I wrestled with this issue too, and I tried out a few things including
the creating a single top-level jar (containing jars as well as
containing the expanded files). As you found out, the jar with jars
approach doesn't work. The jar with expanded jars approach could work if
you don't have conflicting file names (incl resources) in the
dependencies you are trying to package. It didn't work for me. The
solution that I have isn't not very nice but it works: I have a
top-level jar that included all the dependencies in its manifest (attr
Class-Path). The maven assembly plugin can be used to automate this to
make it extensible & less error-prone.
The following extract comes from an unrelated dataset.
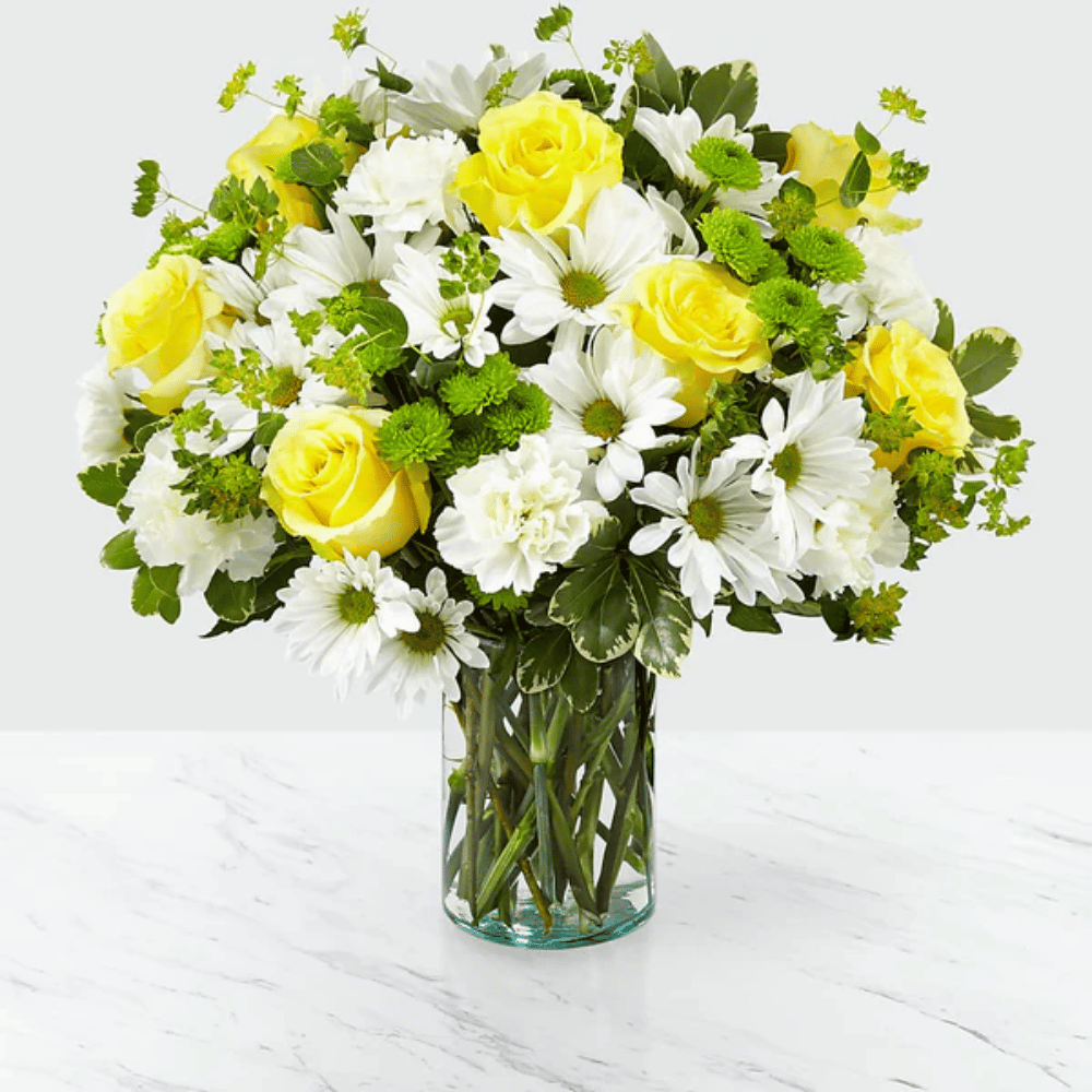 It's amazing the effect flowers can have on its recipient. Through a collection of yellow roses and luminous bupleurum all set within a recycled cylindrical glass vase, our Happy Day bouquet is sure to bring a smile to the face of whoever it's given to. Add the combination of white daisy pompon and green button pompon, and you’ll be making their day brighter with each sunny petal.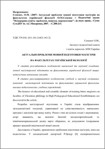 - Семеног, Олена Миколаївна (2007) Actual problems of language training masters on the faculties of philology language Педагогічні науки: "Неперервна освіта: проблеми, пошуки, перспективи": зб. наук. праць (1). pp. 208-213.

Unfortunately, PIG will not add
all the dependencies to the class path, so you will have to add this
class to the class path by directly editing mapred-site.xml (using dist
cache).

-sanjay

-----Original Message-----
From: Yong-gang Cao [mailto:chiefadminofficer@gmail.com] 
Sent: Friday, October 22, 2010 5:39 AM
To: pig-user@hadoop.apache.org
Subject: is it possible to use self-contained jar in pig?

Hi,
  I met a headache about using UDFs with many dependence, adding them
using register command is very painful and not extensible. I can make
self-contained jar for hadoop job using maven (a jar with a lib
directory which contains all jars will be used for class look up), but
it seems doesn't work for pig. pig just treat that jar as a regular jar
and try to find classes directly inside it instead of inside those
embedded jars.
  Is there a way to make pig do the hadoop way of looking into the
self-contained big jar for class loading?
Thanks!

--
Regards,

Yong-gang Cao
Seattle,WA,98104

Re: is it possible to use self-contained jar in pig?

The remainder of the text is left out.